Akata Witch by Nnedi Okorafor
Reviewed by Nisi Shawl
Ms. Magazine
Young-adult fiction is influential; women and men often act out stories they read as teens. But try finding feminism in popular fantasies such as Stephenie Meyers' Twilight, or communities of color in Rowling's bestselling Harry Potter series. Nnedi Okorafor's books are a welcome contrast. The author of several award winning fantasies for young people and an acclaimed novel about rape, Okorafor writes strong heroines making magical journeys of discovery through culturally diverse landscapes.
"This world is bigger than you," the adults in Sunny Nwazue's life keep telling her. Sunny, 12-year-old heroine of Okorafor's latest young adult novel, Akata Witch, lives in a world very much like our own: intricate, vital, busy and in no way limited by national borders. Born in the U.S. of Nigerian parents (like her creator), Sunny returns with her family to Africa at the age of 9 to happily eat roaring hot pepper soup with Igbo, Efik and the many other ethnic groups who call their town of Aba home. But she faces discrimination as an albino and an akata, or "foreignborn" black, and boys refuse to take her soccer playing seriously. Then Sunny's dawning adolescence awakens her latent magical abilities, and she's more different than ever. She can turn invisible. She can see the future.

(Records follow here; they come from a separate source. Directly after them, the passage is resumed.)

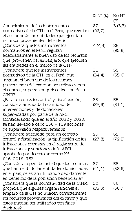 Se determinó que 59 (65,6%) de los encuestados señaló que los instrumentos normativos de la CTI en el Perú que regulan el buen uso de los recursos provenientes del exterior no son eficaces para el control, supervisión y fiscalización de la CINR mientras que 31 (34,4%), contestó que los instrumentos normativos de CTI en el Perú que regulan el buen uso de los recursos provenientes del exterior sí son eficaces para el control, fiscalización y supervisión de la CINR.
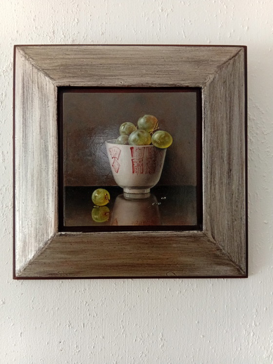 Esta hermosa pintura de Sven van Dorst, titulada «Gota de Rocío», es un refinado ejemplo de arte realista. Creada en 2010, esta obra captura la delicada belleza de una naturaleza muerta con uvas y una taza de cerámica. Las sutiles transiciones de color y la atención al detalle la convierten en una pieza impactante para cualquier colección de arte.
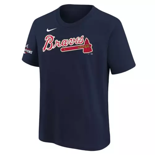 Show everyone who you root for with the Nike Kids’ Atlanta Braves Ronald Acuna Jr #13 Gold Wordmark T-Shirt. Featuring Atlanta Braves graphics and colors, you’ll be ready to cheer your favorite MLB team to victory. Whether you’re heading to the game or just want to show off your favorite team, this Atlanta Braves top will leave no doubt where your loyalty lies. Wear your team’s colors and show off your pride with the Nike Kids’ Atlanta Braves Ronald Acuna Jr #13 Gold Wordmark T-Shirt.
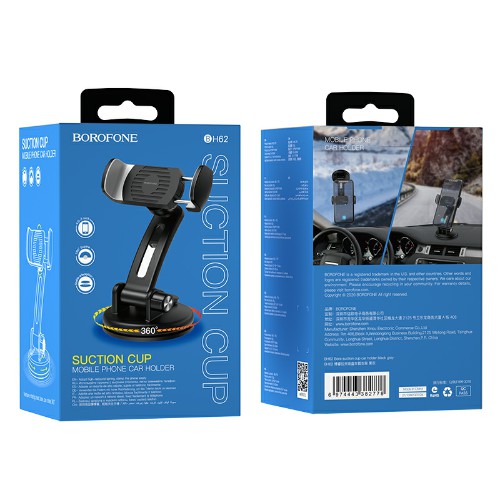 - Держатель автомобильный Borofone BH62, Bora, пластик, торпедо, лобовое стекло, двойной зажим, для телефона 4.5-7", цвет: чёрный (1/60) (6974443382778)
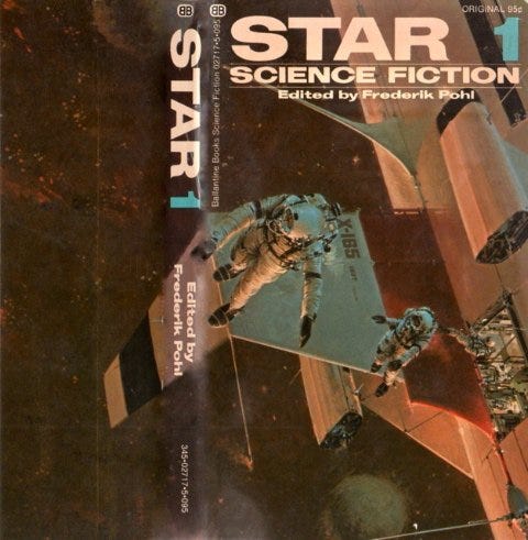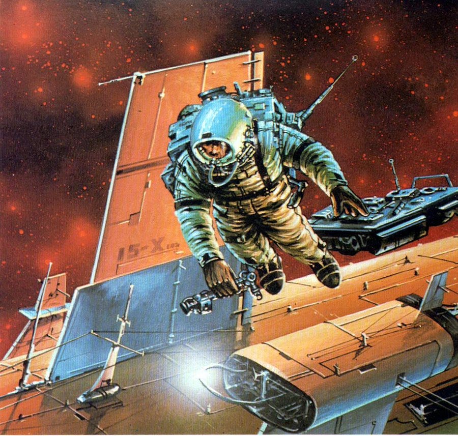 And here’s a 1972 John Berkey cover illustration for the Star 1 anthology. Pretty similar astronaut there! Right down to the arm band placement.
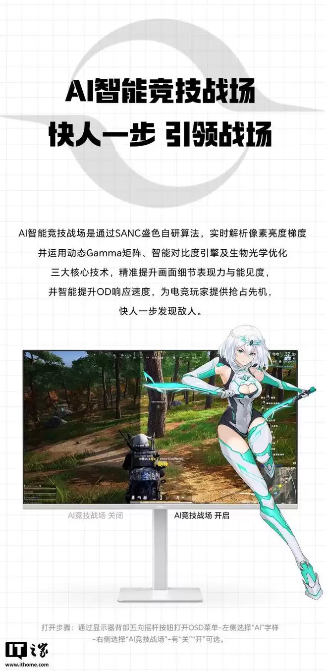 此外,这款显示器还带有“一键战斗”模式,可将画面缩小至 24.5 英寸,兼容 FreeSync/G-Sync 防撕裂技术,搭载两个 HDMI 2.1 接口以及一个 DisplayPort 1.4 接口,广泛兼容各种笔记本、台式机和游戏机,支持 VRR 可变刷新率。
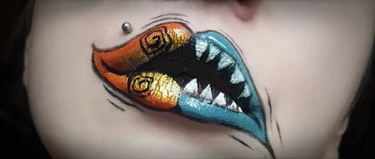 1. Start off by applying Shiver (blue) to one side, making a sad mouth and Salem (gold) to the other to make a happy mouth.
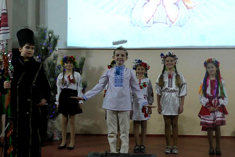 Вертеп для вояків підготували учні третього класу. Діти через символи різдвяної казки та традиційних персонажів усної народної творчості нашого народу намагалися продемонструвати перемогу Добра над Злом та підтримати бойовий дух українських військовослужбовців.
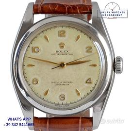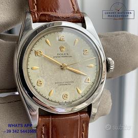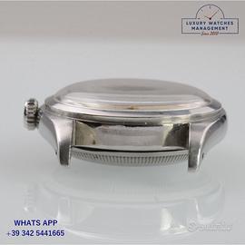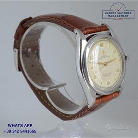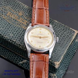Rolex Oyster Perpetual 6028 “Ovettone” Big BubbleBack acciaio, anno di produzione 1952, ghiera acciaio liscia, vetro plastica a cupola, quadrante colore avorio con indici arabi sfere Dauphine originale Rolex dell’epoca, movimento meccanico automatico, cinturino in pelle di alligatore lucido colore cognac con fibbia acciaio Rolex.
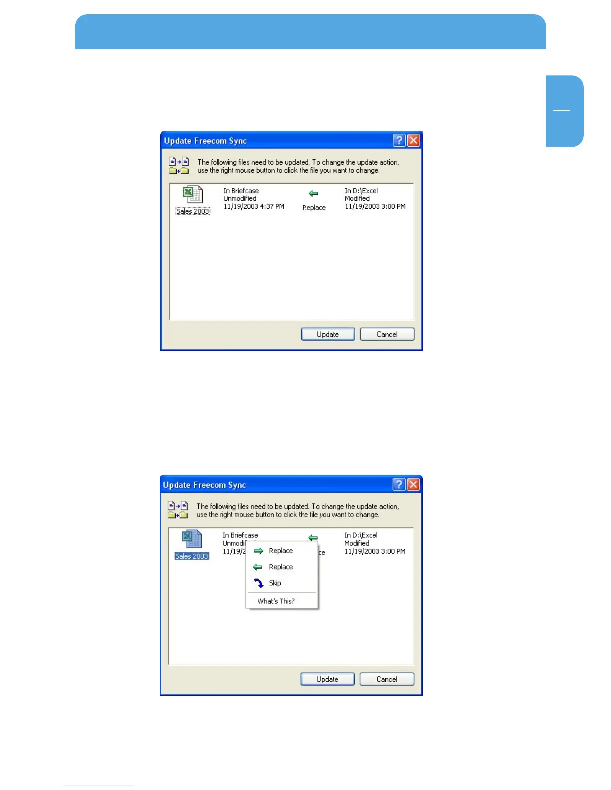 3. A status window appears. Please select "Update" if you wish to synchronize the file
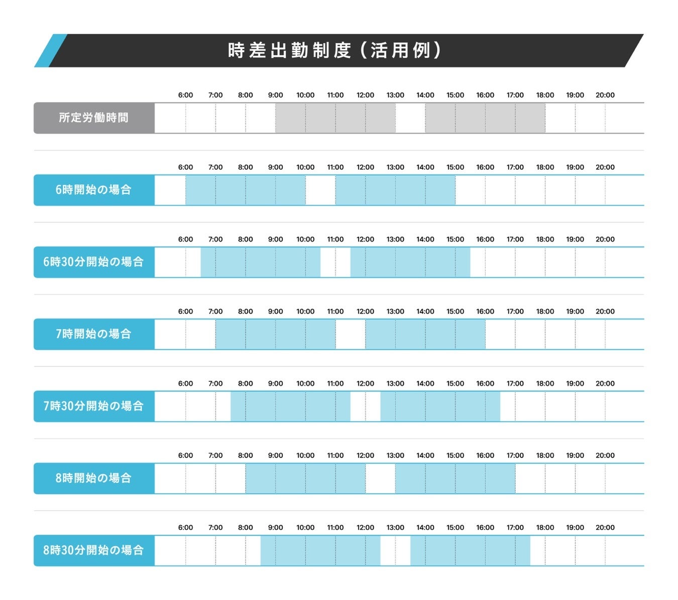 前日までの労務申請 及び 承認で、翌日の勤務開始時刻を「6時」から「8時30分」まで30分単位で選択できる制度。開始時刻に合わせて終了時刻を変動させることで、効率的な働き方を目指します。
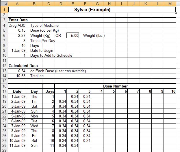 Get Medicine Spreadsheet here. Calculates medicine dosage, given the weight of the rabbit. Creates chart with all doses required for the duration of the treatment.

Now Sunny must navigate her way not just among Nigeria's many ethnicities but between the pan-tribal practitioners of juju (a West African term for magic) who are known as the Leopard People, and the Lambs -- this book's counterpart to the nonmagical Muggles of Harry Potter fame. Leopard People inhabit all nations under a multitude of different names, forming secret societies in Asia, Africa, Europe, North and South America -- everywhere.

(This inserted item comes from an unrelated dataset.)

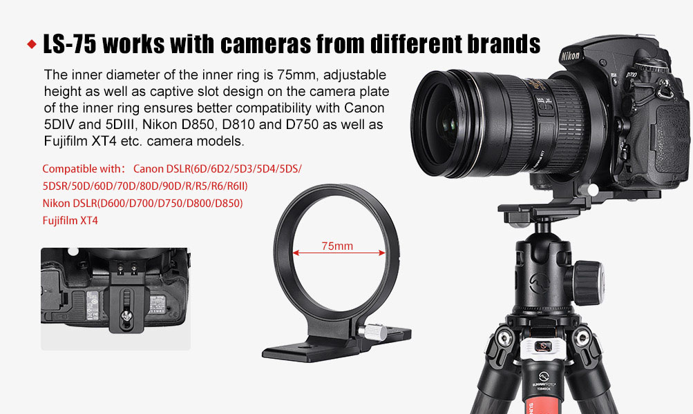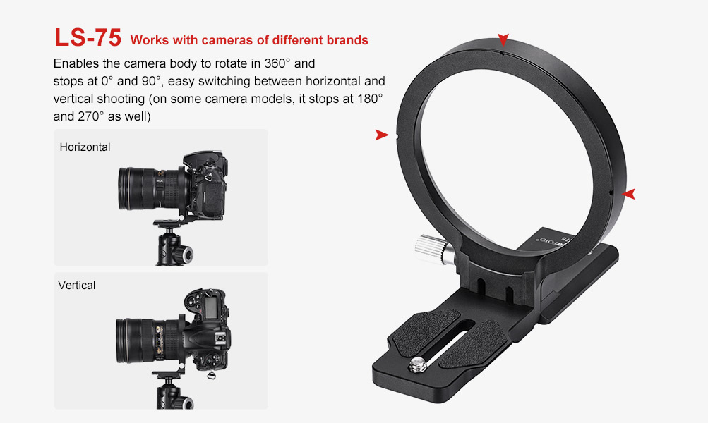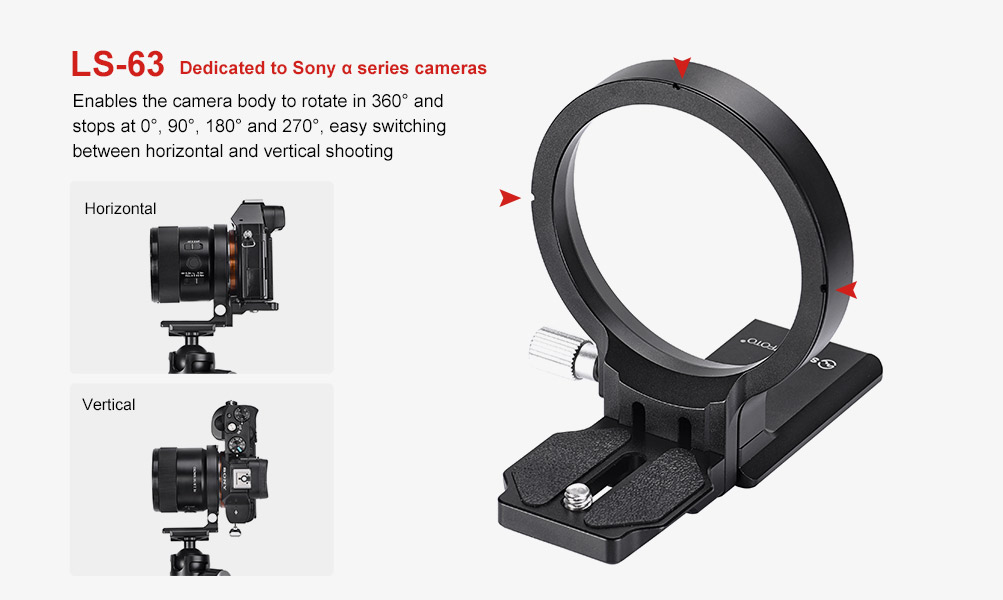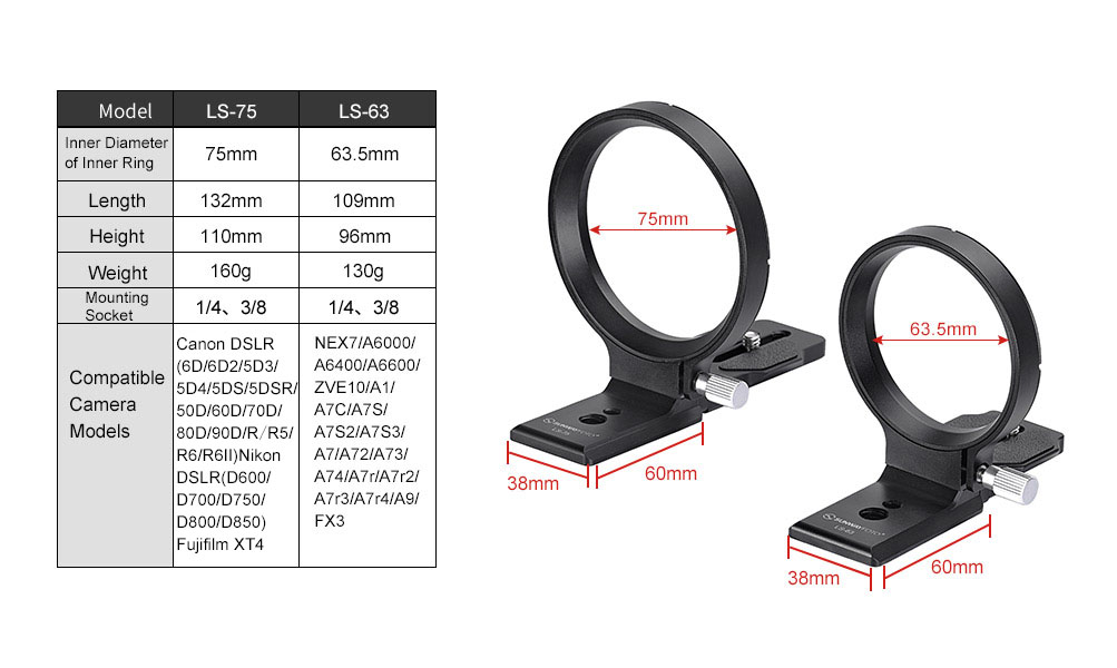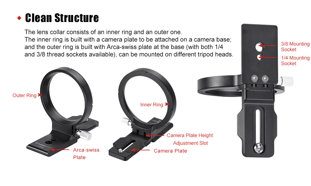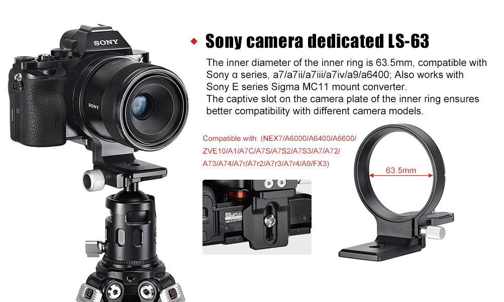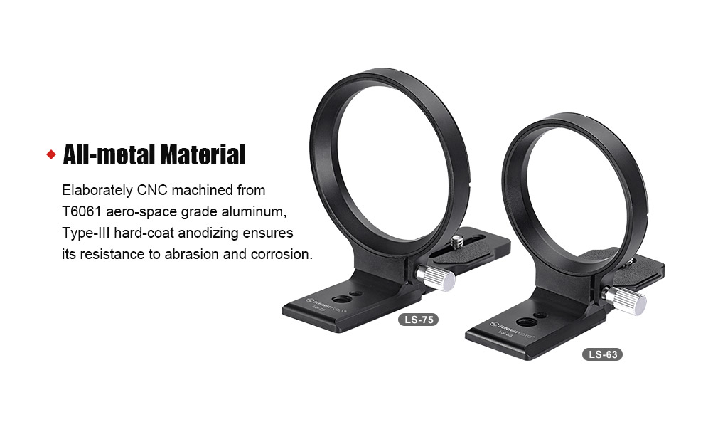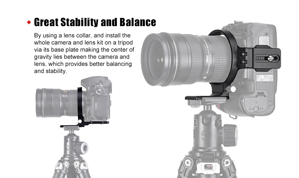 LS-63 Metal Lens Collar Great Stability and Balance Ring Lens Support with Arca Swiss Plate Collar Mount

Naturally, Sunny's parents are Lambs. They're ignorant of their daughter's juju initiation, a grittily literal journey to the center of the Earth, and of her further magical adventures, and she has to keep them that way -- even when Sunny's disregard for juju's rules gets her spirited away for punishment to the secret neighborhood of Leopard Knocks His Foot. Even when she and her fellow apprentices are given the task of stopping a serial killer who targets children.
As they make their constant pronouncements about the world's immensity, adults tell Sunny that it will go on without her. Feisty Sunny protests her teachers' callous attitude, though the idea reassures as much as it horrifies her. She faces down the serial killer with a smile, knowing that she will die someday but the world will continue and that its end, which she has magically foreseen, can become a new beginning.
As the readership for young-adult fantasy widens and deepens, attracting adults of all ages, more of us will be looking for books by authors whose imaginations surpass the restrictions of the past: sexism, colonialism and the rest. And we'll find them. Akata Witch is a spectacular tale of a young woman coming to power in a truly global environment. Sunny's adventures give her a context for her special abilities and a gloriously huge arena in which to work her innate magic: the wide, wide world.
Nisi Shawl is the author of Filter House and a winner of the 2008 James Tiptree, Jr., Award; she will be the 2011 Guest of Honor for WisCon, the annual feminist science fiction convention.